- Born: Thomas Decatur Ensign 1941 Michigan, U.S.
- Died: May 2014 (aged 72–73)
- Education: Michigan State University (BA, 1963) Wayne State University (J.D., 1966)
- Occupation(s): Lawyer, Writer
- Organizations: Citizen Soldier Different Drummer Café
- Spouse: Francine Smilen

= Tod Ensign =

American veterans' rights lawyer (1941-2014)

Thomas Decatur "Tod" Ensign (1941– May 2014) was an American veterans' rights lawyer, writer, and director of Citizen Soldier, a non-profit GI and veterans' rights advocacy group based in New York City.

== Early life and education ==
Ensign was born in Michigan, the second child of Winfield Scott Ensign and Gretchen McKinstry Ensign. He graduated from Michigan State University in 1963 with a BA in Social Science. Ensign held two law degrees, a Master of Laws (LLM) from NYU and Juris Doctor (J.D.) from Wayne State University.

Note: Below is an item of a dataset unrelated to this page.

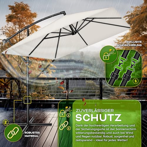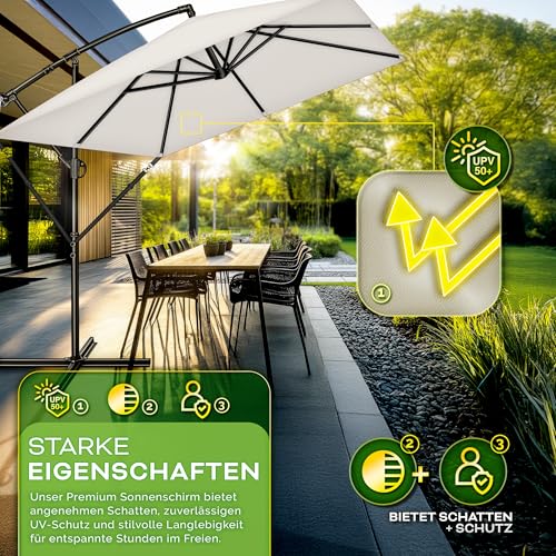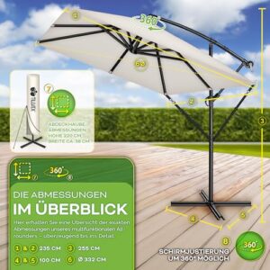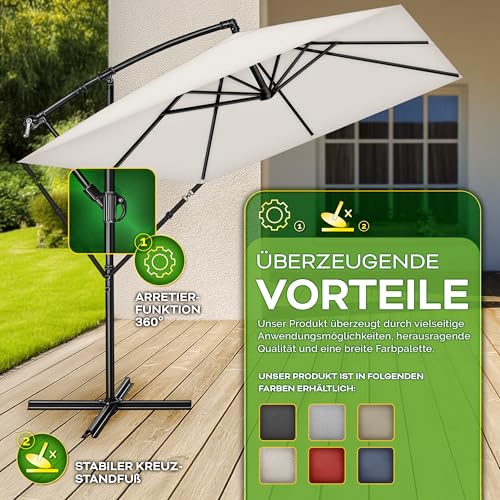 - EINFACH ZU VERSTELLEN: Dieser rechteckige Ampelschirm aus Aluminium ist um 360° drehbar und bietet maximale Flexibilität, um den Schattenbedarf je nach Sonnenstand optimal anzupassen. Durch seine eckige Form kann er besonders effizient platziert werden. Zusätzlich sorgt die integrierte Windsicherung für extra Stabilität, selbst bei windigen Bedingungen.

==Veterans' rights activism==
Ensign co-founded Citizen Soldier in 1969 to advocate on behalf of GIs and veterans who work to oppose command-tolerated racism, sexism, homophobia and militarism. In 1985, the group represented 8,000 veterans nationwide. (After Ensign's death, the Citizen Soldier website went dormant.) He was also intimately involved with the Citizens Commission of Inquiry, also formed in 1969, which was founded to document American atrocities throughout Indochina.

As an attorney, Ensign participated in a broad range of legal cases involving GIs and veterans. Two notable cases are the Agent Orange class action, which attempted to hold chemical manufacturers liable for the injuries their herbicide caused Vietnam veterans and their offspring, and the Vietnam-era Winter Soldier Investigation and National Veterans Inquiry.

Following the invasion of Iraq in 2003, Citizen Soldier attorneys, including Ensign, counseled hundreds of GIs and reservists seeking alternatives to serving in what many regard as an illegal war. The most celebrated case was Citizen Soldier's defense of Sgt. Camilo Mejía, the first US combat veteran to refuse further service in Iraq. He based his refusal on his duty, according to international law, that it is illegal to obey military orders that violate international law. During his five months in Iraq, he claims he witnessed command-sanctioned shooting of civilians, abuse of detainees and other violations.

In 2006, Ensign founded the Different Drummer Café near Watertown, New York, which strove to connect and inform service members. The cafe was located near Fort Drum — thus, its name.

Beginning in 2000, Ensign served on the executive board of the National Gulf War Resource Center, a coalition of Gulf War advocacy groups that advocates for research and health care for veterans from both Gulf wars. (He was the only non-veteran serving on this board).

==Publications==
Ensign was the author of two books — Military Life: The Insider's Guide (Prentice Hall, 2000) and America's Military Today: The Challenge of Militarism (New Press, 2004). He was coauthor (with Michael Uhl) of GI Guinea Pigs (Playboy, 1980) the first exposé of how US soldiers were harmed by nuclear fallout during A-bomb tests and the herbicide Agent Orange that was used during the Vietnam War.

He also contributed chapters to four other books — Ten Excellent Reasons Not to Join the Military (New Press, 2006) Against the Vietnam War: Writings by Activists (Syracuse U. Press, 1999), Metal of Dishonor: Depleted Uranium (IAC Press, 1997), and Collateral Damage: The New World Order at Home and Abroad (South Press, 1992, ).

Furthermore, he wrote dozens of articles for The Progressive, In These Times, Radical America, The American Pathologist, the New York Daily News, Toward Freedom, Against the Current, the Weekly Guardian, the Non Violent Resister, The Indypendent, and several others.

== Personal life ==
He and his partner Francine Smilen had one daughter, Rachel Ensign.